I glare. “No.”
“Okay. Have a tee-utiful day!”
Lyra grabs my hand, pulling me out of the office before I can tell him where I’d like to shove his tee-utiful day.
“Jove,” she grumbles when we reach the sidewalk outside. “You can’t talk to service workers like that.”
I scowl. “Why?”
“Because it’s rude?” she suggests.
“What’s that got to do with anything?” I ask.
Sigh. Big, big sigh. “It’s got to do with human decency,” she says. “With being kind to people who are just trying to do their jobs. With having the self-control to not take out our anger on the undeserving.”
“I never take out my anger on the undeserving,” I counter. “That kid sucks.”
“Because he didn’t produce flags from some magical back room for our mini-golf?” Incredulity laces her voice.
“No, because six months ago he and his group of friends keyed Mars’ bike at the grocery store. Mars was devastated. We needed to get it repainted and they couldn’t color match in town so we had to special order the paintonline, then Mars had to clean, sand, and repaint it himself. It took ages for the paint to come in, then ages for him to go through the whole process. Meanwhile, he couldn’t ride his bike. He was angry and sad, and it could’ve all been avoided if that little twerp hadn’t acted like a little twerp.”
She blinks, so adorable, then replies, “I think he drives that black pickup truck parked out back.”
“I’m not messing with a minor’s car,” I reply, heart warming at her quick defense of my brother. “I will, however, be as rude as I like to his stupid, idiot face.”

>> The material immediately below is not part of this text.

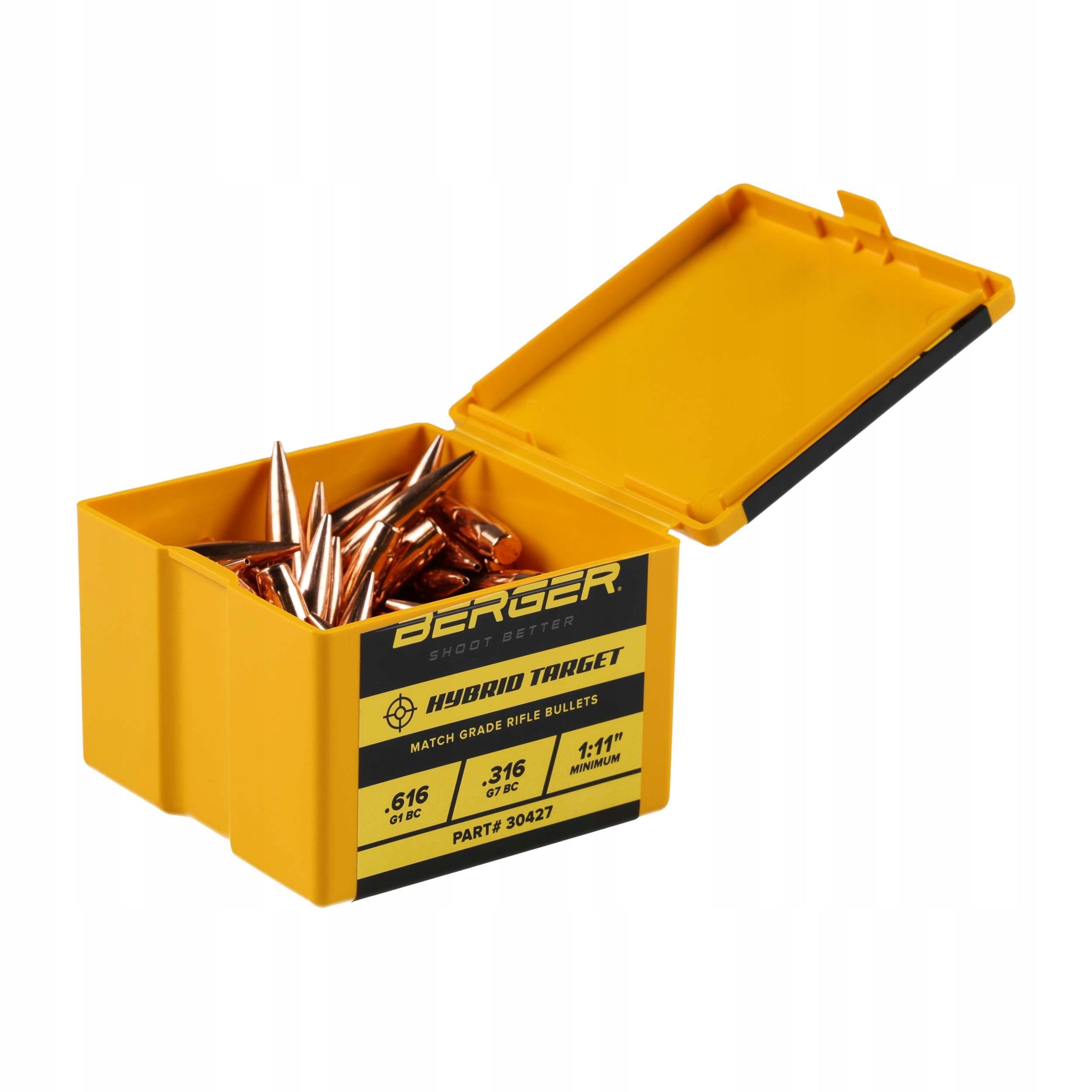 Останнє досягненнябренду Bergerв області надточної стрільби снарядами. Завдяки гібридному профілю кривизни кулі Long Range Hybrid Target характеризуються неперевершеним рівномірним розподілом ваги. Завдяки використанню доплерівського радіолокаційного аналізу в процесі проектування ракети досягають підтвердженого розсіювання менше 1%, що робить їх лідером ринку. Варіант калібру .30, вагою 200 гр.

“As you should,” she declares, glaring through the office’s glass door.
A flick of my eyes shows the boy sitting at the desk on his phone, popping a gum bubble, not a care in the world. “He turns 18 in July,” I tell Lyra. “Four months. We can figure out our revenge then.”

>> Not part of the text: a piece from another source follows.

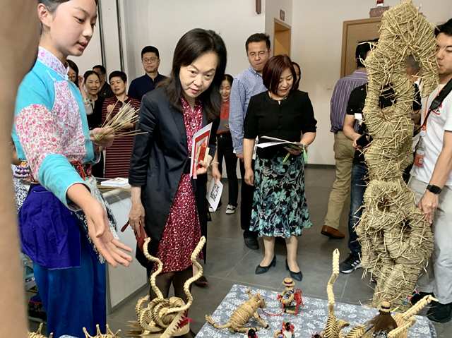 苏州工业园区管委会副主任夏芳莅临展区前,与车坊实小草编艺术实践工作坊学生亲切交谈。
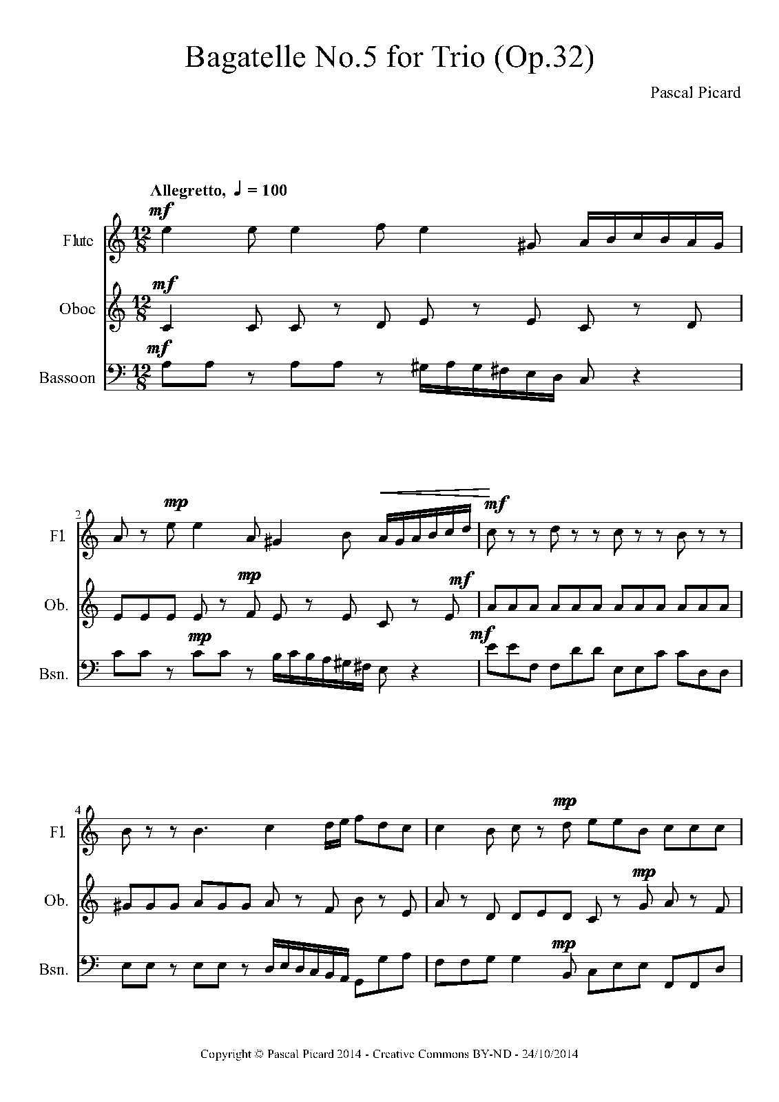 | Genre Categories | Bagatelles; For flute, oboe, bassoon; Scores featuring the flute; |

“Oh,” she peeps. “If the revenge is anything more than keying his car back, count me out.”
I sniff. “An equal reaction does not a lesson teach,” I say. “In my experience.”
“Is that why you totalled Chrissy’s grandpa’s truck? He did something small, so you did something bigger?”
Chrissy’s grandfather did not do something small. Chrissy’s grandfather believed his moron of a granddaughter when she said it was Lyra’s fault that he never got any visits from his beloved descendant, so he went to the town’s social page online and called Lyra a slew of nasty, horrific curse words not even one of the mafia men in my books would repeat. Lyra isn’t online outside of her business pages, so she didn’t see it before it got taken down, but I did.
Chrissy’s grandfather is not done receiving revenge.
Neither is Chrissy, for that matter.
“Something like that,” I hedge, not wanting to upsetLyra with further proof that her ex-best friend is The Worst Person on Earth.
She frowns, bottom lip sticking out just enough to make it tip more toward cutesy than the disapproving she’s going for.
“I think mini-golf is a bust,” I say, absolutely not blatantly changing the subject or anything. “Dinner?”
She squints, letting me know she does not find me slick. “Dinner,” she agrees after a moment.
Not slick, but excused. I’ll take it.
We walk two storefronts over to Sweet & Salty, a tiny offshoot of a café duo in the city in Indiana where Brian Single lives. He blew into town one summer talking about “the best café in America!” By the end of the season he’d somehow finagled a tiny version of the place into existence in Bandera. The townies loved it so much it stuck.
Much as I hate to admit anything positive about Brian, he was right about this place. It’s the best café I’ve ever been to, and when it was on the verge of shutting down because the building owner developed cancer and couldn’t afford the building upkeep on top of his medical bills, I funneled my own funds into the efforts to keep it going – the café and Mr. Harrold, the owner. A quarter of a million dollars, anonymously given.
I earned it back within a few book launches, unfortunately.
The bell rings above our heads as we enter, and we’re immediately blasted with the warm, homey scent of apple tarts and blueberry scones.